Carta de uma jovem pesquisadora
Parte do acervo que compõe o Fundo Cesar Lattes, mantido pelo Siarq, é formado por correspondências recebidas pelo físico ao longo da carreira. Entre os remetentes, há grandes universidades, institutos de pesquisa, órgãos de governo e importantes pesquisadores. No meio de vários papéis timbrados, chamam a atenção três folhas de papel de carta com a aparência dos que comumente vemos em coleções dos anos 1970 e 1980. No fundo amarelo pardo, a caligrafia cuidadosa divide espaço com uma ilustração no canto inferior esquerdo. No topo da folha, a data: “Porto Alegre, 2 de agosto de 1979”.
“Oi, Cesare
Quem está escrevendo é uma estudante de Engenharia Elétrica que adora Física. Meu nome é Dudi, estou no 1º ano (2º semestre) de Engenharia na UFRGS”
“É estranho entrar em contato comigo mesma depois de 45 anos.
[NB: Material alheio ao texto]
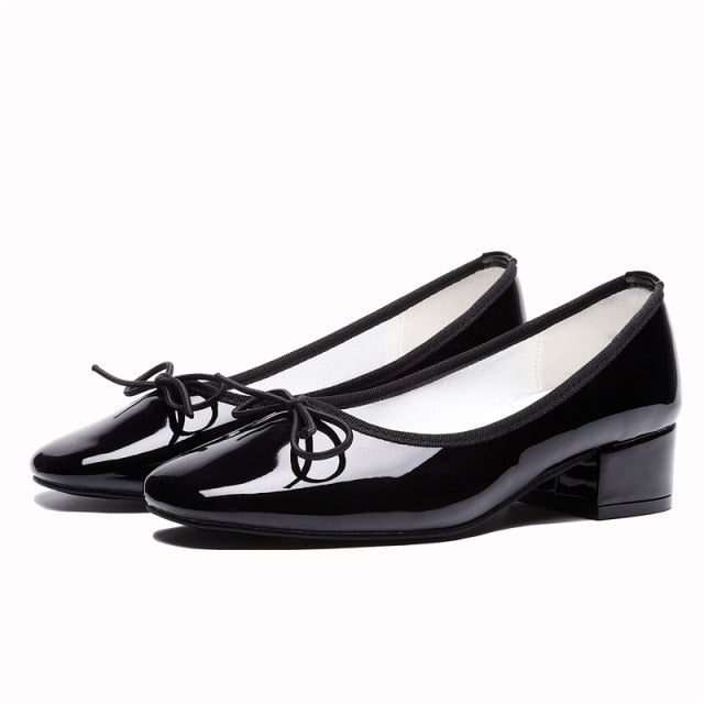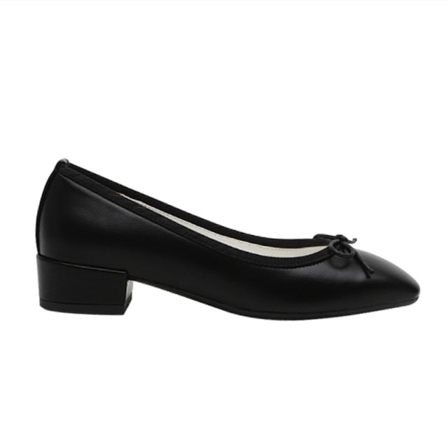 Square Toe Chunky Low Heels Black Work Shoes Women Pumps
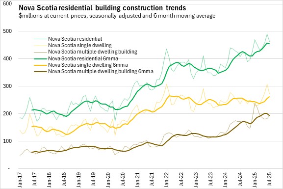 Nova Scotia residential building construction investment growth was driven by an increase in multiple dwelling building construction across the province, more than offsetting a slight decline in single dwelling building construction in Halifax.

Li a carta e até me emocionei”, conta Maria de Lourdes Borges, que ainda atende pelo apelido Dudi. Aos 62 anos, a então estudante hoje trabalha como professora no Departamento de Filosofia da Universidade Federal de Santa Catarina (UFSC). Na carta, Borges conta que tinha dúvidas sobre se continuava a cursar engenharia ou se seguia o caminho da física. A opinião de Lattes foi decisiva. “Ele me respondeu e me incentivou a cursar física”, lembra a hoje docente, que ingressou no curso em 1981 na Universidade Federal do Rio Grande do Sul (UFRGS). “Na época, foi uma surpresa receber uma carta dele.”
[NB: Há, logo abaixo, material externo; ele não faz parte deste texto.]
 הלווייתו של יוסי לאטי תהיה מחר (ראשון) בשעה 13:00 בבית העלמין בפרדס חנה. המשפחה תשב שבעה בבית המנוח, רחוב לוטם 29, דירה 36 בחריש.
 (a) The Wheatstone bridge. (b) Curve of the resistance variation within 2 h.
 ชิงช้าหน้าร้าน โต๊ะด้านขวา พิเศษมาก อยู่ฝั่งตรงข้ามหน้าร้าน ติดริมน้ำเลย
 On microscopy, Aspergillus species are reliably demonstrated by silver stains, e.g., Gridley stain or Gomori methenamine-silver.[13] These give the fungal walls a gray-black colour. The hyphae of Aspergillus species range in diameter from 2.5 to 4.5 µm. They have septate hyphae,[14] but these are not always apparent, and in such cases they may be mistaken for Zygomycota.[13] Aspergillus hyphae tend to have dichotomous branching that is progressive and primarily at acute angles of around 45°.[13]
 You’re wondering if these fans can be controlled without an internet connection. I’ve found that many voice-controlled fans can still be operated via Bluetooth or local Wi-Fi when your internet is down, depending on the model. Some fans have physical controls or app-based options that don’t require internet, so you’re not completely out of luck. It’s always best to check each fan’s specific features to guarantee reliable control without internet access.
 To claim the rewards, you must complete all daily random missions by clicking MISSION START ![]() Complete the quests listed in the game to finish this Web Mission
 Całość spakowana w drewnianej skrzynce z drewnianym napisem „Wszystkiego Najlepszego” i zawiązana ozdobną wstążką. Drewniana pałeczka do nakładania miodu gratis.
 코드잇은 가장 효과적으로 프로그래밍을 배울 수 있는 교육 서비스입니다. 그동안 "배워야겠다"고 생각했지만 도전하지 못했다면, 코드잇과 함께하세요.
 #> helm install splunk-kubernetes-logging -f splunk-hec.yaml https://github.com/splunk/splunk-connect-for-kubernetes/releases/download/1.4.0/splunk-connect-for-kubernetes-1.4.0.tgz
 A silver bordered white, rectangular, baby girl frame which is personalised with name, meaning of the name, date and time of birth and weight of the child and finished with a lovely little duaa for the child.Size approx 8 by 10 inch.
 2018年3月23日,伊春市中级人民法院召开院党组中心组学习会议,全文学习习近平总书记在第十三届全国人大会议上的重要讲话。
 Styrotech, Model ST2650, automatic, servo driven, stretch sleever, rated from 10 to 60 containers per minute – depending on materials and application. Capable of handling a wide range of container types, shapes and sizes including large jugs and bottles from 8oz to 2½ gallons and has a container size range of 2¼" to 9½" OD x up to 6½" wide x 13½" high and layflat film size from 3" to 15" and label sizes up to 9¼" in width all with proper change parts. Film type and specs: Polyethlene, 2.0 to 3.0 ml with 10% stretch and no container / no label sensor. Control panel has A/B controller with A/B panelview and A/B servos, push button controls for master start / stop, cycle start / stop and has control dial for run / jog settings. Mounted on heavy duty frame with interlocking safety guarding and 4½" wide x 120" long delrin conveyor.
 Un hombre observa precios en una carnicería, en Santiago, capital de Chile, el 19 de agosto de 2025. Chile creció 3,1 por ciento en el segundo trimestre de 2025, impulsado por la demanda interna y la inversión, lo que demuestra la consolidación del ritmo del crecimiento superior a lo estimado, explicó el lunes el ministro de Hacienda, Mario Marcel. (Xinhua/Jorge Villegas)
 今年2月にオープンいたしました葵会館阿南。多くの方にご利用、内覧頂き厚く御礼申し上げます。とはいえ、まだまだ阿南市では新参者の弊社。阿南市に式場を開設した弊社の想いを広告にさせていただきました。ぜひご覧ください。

Apesar disso, a professora afirma que seu percurso acadêmico sofreu desvios, levando-a, por fim, a dedicar-se às humanidades. “Interessante que, na própria carta, falei que tinha medo de me desencantar com a ciência. Em alguma medida, isso acabou acontecendo.” Borges pensou em estudar filosofia das ciências, mas acabou se especializando no pensamento de Immanuel Kant. Revendo sua conversa com Lattes, observa que sua preocupação com a ciência já existia na mente da garota de 17 anos. “Eu me vi como alguém que já tinha preocupações científicas. Na carta, eu menciono estar preocupada com a pesquisa científica no Brasil”, comenta.
Outros trechos da carta mostram parte da rotina de uma jovem estudante da época, como a preocupação com uma aula de Cálculo 2 no dia seguinte e a confidência de que um dos touros criados na fazenda de sua família tinha o nome de Píon, em homenagem à descoberta de Lattes. “Eu colocava nomes das partículas subatômicas nos touros. Havia o Píon, o Méson, o Alfa”, lembra com alegria.
Borges diz ainda que, depois de ter enveredado pelos caminhos da filosofia, deixou de acompanhar de perto os feitos científicos de Lattes. Em uma das suas frequentes mudanças de endereço, a carta enviada pelo físico em resposta a sua se perdeu. Entretanto a docente acredita que o exemplo dado pelo cientista a gerações de pesquisadores contribuiu para determinar suas escolhas de vida. “Certamente, ele me influenciou a seguir na ciência e, mais do que isso, ao conhecimento em geral. Nunca saí da universidade. Hoje sou uma pesquisadora.” O reencontro consigo mesma também a surpreendeu pela coragem de, ainda garota, escrever a um grande nome da ciência e conversar com ele como um amigo. “Provavelmente era o meu melhor papel de carta da época. E eu ainda disse: ‘Me escreva, hein?’ Fui bastante ousada”, diverte-se.